Generally people ate outside [remember that Romans invented hamburger: sicia omentata] - they didn't usually eat at home. In most of the kitchens excavated at Pompeii (like the one on the left), the only permanent feature left is a masonry hearth with a tiled top and arched recesses at the bottom for storing fuel. Cooking was done on this open hearth, with pots set on iron tripods over burning charcoal or wood. Some houses also boasted a small oven, much like a modern woodfired pizza oven, at the corner of the bench, with a vent near the stove for the smoke to escape. The only other furnishings in the Pompeian kitchen were a basin to hold water for cooking and washing up, and sometimes supports for tables to prepare the food. Texts of the time use the word cacabus to mean pans in general, while the fretale or sartago seems to have been a bronze or iron frying pan. The pultarius was a saucepan, and the testa or clibanus a small portable oven for roasting or baking bread. Iron choppers, knives, cleavers and spoons, as well as strainers, ladles and mortars, were used to prepare the food, which was served on a large circular platter called a discus.

What else did they eat? Archaeologists discovered (food scraps found in the drains) remains of food that would have been widely available and inexpensive in ancient Italy, like grains, fruits (like this figs), olives, lentils, local fish, nuts and chicken eggs (real photo). They also uncovered evidence that really wealthy Pompeiians enjoyed a variety of exotic foods, some of which would have been imported from outside Italy, including sea urchins, flamingos and even the butchered leg joint of a giraffe. 
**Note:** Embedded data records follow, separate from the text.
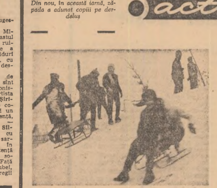
Din nou, în această iarnă, zăpada a adunat copiii pe derdeluș
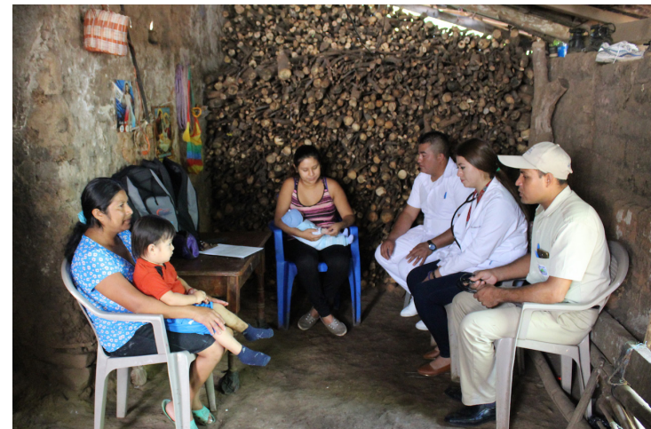
Con el cierre de los ECOS Familiares serán afectados pacientes crónicos, adultos mayores, embarazadas y los niños, quienes ya no recibirán la atención en sus comunidades.

En febrero de 2022 el Foro Nacional de la Salud (FNS) denunció el cierre de 20 ECOS y 21 Ho-
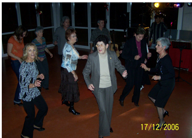
Nos aînés en pleine forme...
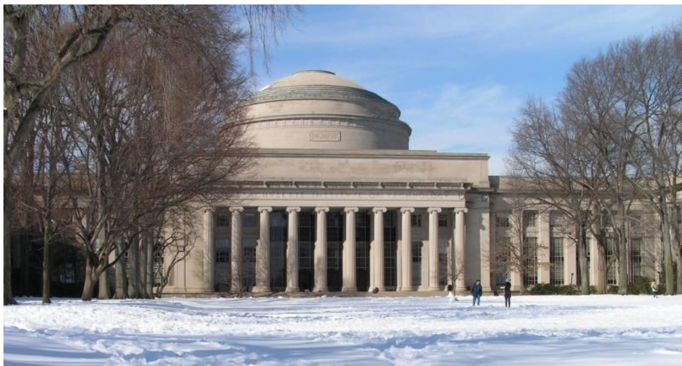
*1 マサチューセッツ工科大学図書館外観

1865年創立のマサチューセッツ工科大学* 1 は、キャンパスのほぼ中央に位置する Hayden Memorial Library* 2 &* 3 を中央図書館として、Baker Engineering、Science(科学)、Dewey(社会科学)、Rotch、Humanities(人文科学)という五つの図書館、より狭い分野に限定された Aeronautics & astronautics : 航空・宇宙工学、Music : 音楽、Earth & Planetary Sciences 地球・惑星科学、Health sciences : 身体学、Visual materials : 視聴覚資料の五つの支部図書館(分館)、二つの保存図書館(文書類・特殊コレクション、RSCと呼ばれる1963年以前の稀覯資料)から構成されている。保存図書館に加え Science、Humanities、Music、Health Sciencesの四つの図書館も中央図書館内にある。また、中央図書館の特徴的な施設として「24/7 study space (24時間スタディールーム)」* 4 が挙げられる。
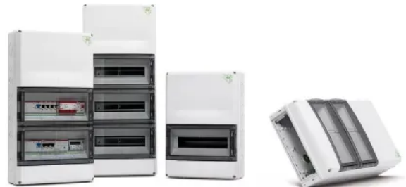
Unterverteilung AK Plus
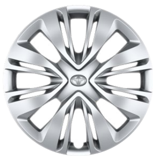
17" acél keréktárcsák díztárcsával, 175/65 R17 gumiabroncs Alapfelszereltség: Comfort
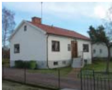
Glasblåsaren 14 (1950)
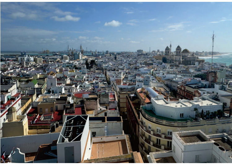
Cadiz bietet strahlend weisse Sandstrände, wunderschöne andalusische Gebäude und eine bewundernswerte Altstadt.
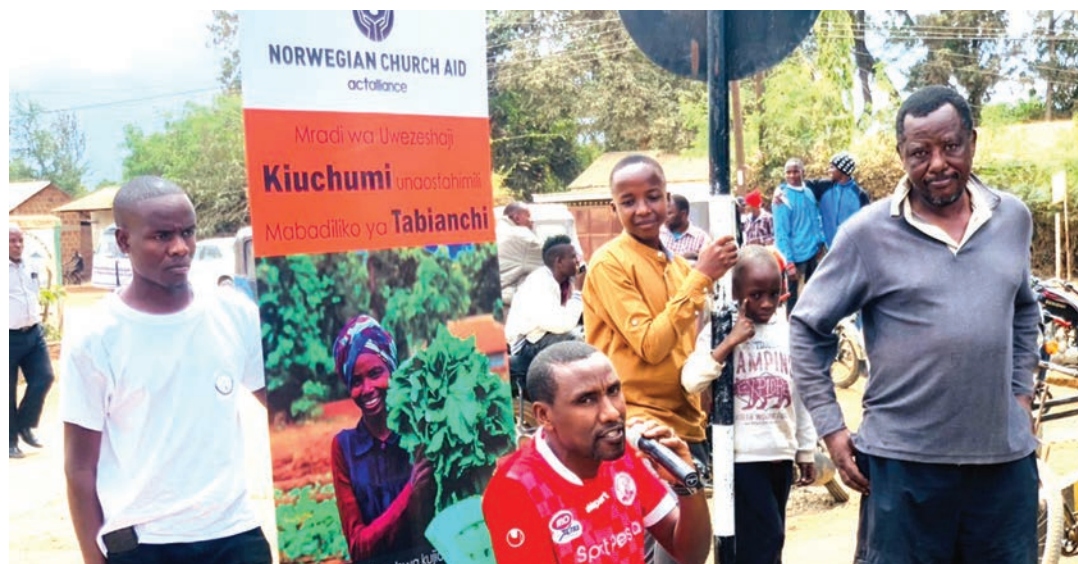
Vijana wa Chekereni wakieleza mambo yanayowakwamisha kilimo biashara.
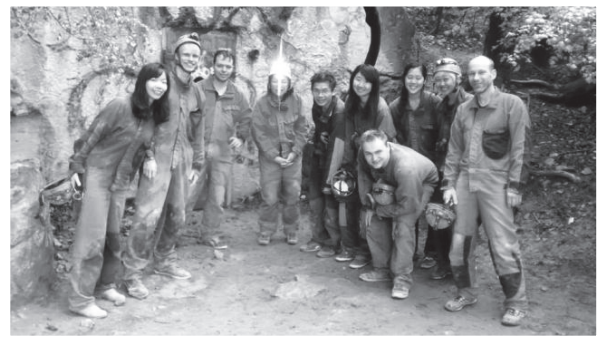
圖十：一同參與地下探險的旅伴們。

這趟旅程是筆者有史以來最精彩、最美好的自助旅行，在布達佩斯除了聽音樂劇和泡溫泉這些必去行程，我還參加了地下探險（underground caving），這是一種高耗體能的活動，必須爬或鑽過各式各樣的地下洞穴和通道，雖說很累人但是真的很有趣，一生真該體驗一次！而且和同隊隊友由於必須互助合作、互相提醒前方的路況，彼此間的關係也會變得很熟稔。日落後，在城堡山（castle hill）俯瞰布達佩斯的夜景，看著多瑙河畔靜靜沉思，是一件非常幸福的事！
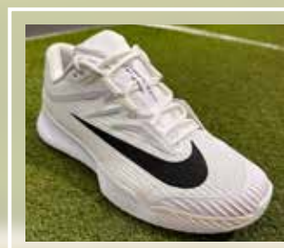
NIKE Zoom Vapor Pro 3 HC
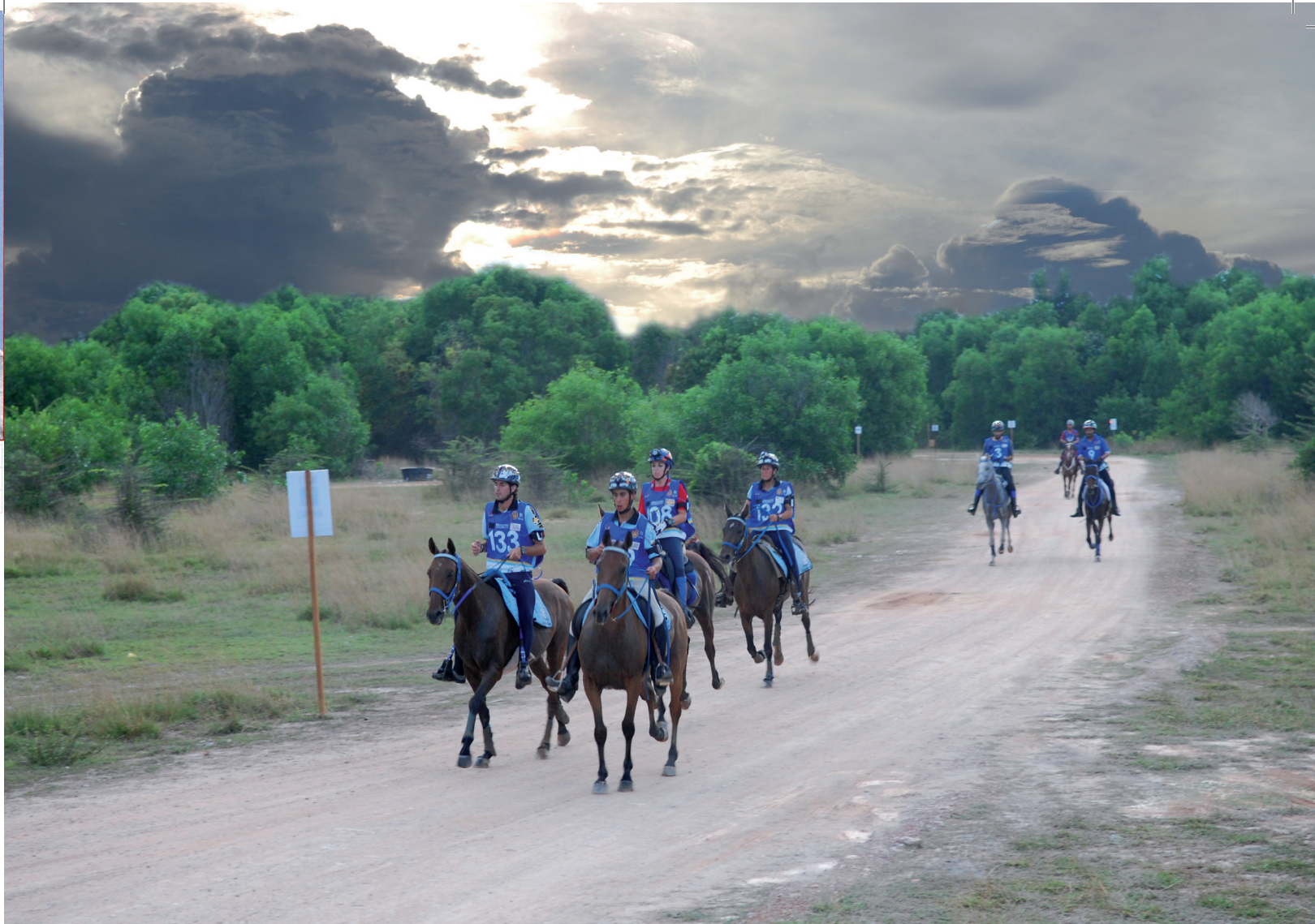
Track – First Loop

Famous fish sauce - garum helped establish the precise dating of Pompeii's destruction. Garum, made from fermenting fish in saltwater, was basically the ketchup of the ancient Romans. It boasted a much appreciated sweet and sour taste, and was used on almost on every dish, often substituting expensive salt. The last Pompeian garum was made entirely with bogues (known as boops boops), a Mediterranean fish species. The eruption froze the sauce right at the moment when the fish was left to macerate. No batches of finished garum were found, since the liquid evaporated in the heat from the eruption. Since bogues abounded in July and early August and ancient Roman recipes recommend leaving the fish to macerate for no longer than a month, we can say that the eruption occurred in late August-early September, a date which is totally compatible with Pliny's account. [left: broken amphora with almost finished garum found in factory in Pompeii]

What's not surprising ancient romans (studies made on the victims of eruption) had perfect teeth' thanks to healthy low-sugar diet. The inhabitants of Pompeii ate a lot of fruit and vegetables but very little sugar. They were strangers to toothbrushes or toothpaste, but their healthy diet meant that few of the Romans suffered from cavities. 

Romans loved to eat outside, small taverns (called Thermopolium) where it was possible to purchase ready-to-eat food. A typical thermopolium would consist of a small room with a distinctive masonry counter in the front. Embedded in this counter were earthenware jars (called dolia) used to store dried food like nuts (hot food would have required the dolia to be cleaned out after use, and because they are embedded in the counter, it is believed that they were not used to store hot food, but rather dried food where cleaning wouldn't be necessary). In Pompeii we have found 150 of them
In the months after Vesuvius’ eruption, a lot of Pompeiians came back to dig through the ash and see what they could recover. The Emperor Titus declared Pompeii an emergency zone and offered financial assistance for cleanup and recovery. But the buried towns were beyond salvaging. “When this wasteland regains its green,” wrote the Roman poet Statius not long after the eruption, “will men believe that cities and peoples lie beneath?” Eventually, the towns were dropped from local maps. Within a few centuries, settlers had repopulated the empty terrain, unconcerned with what lay below. They planted grapevines and olive trees in the fertile black soil.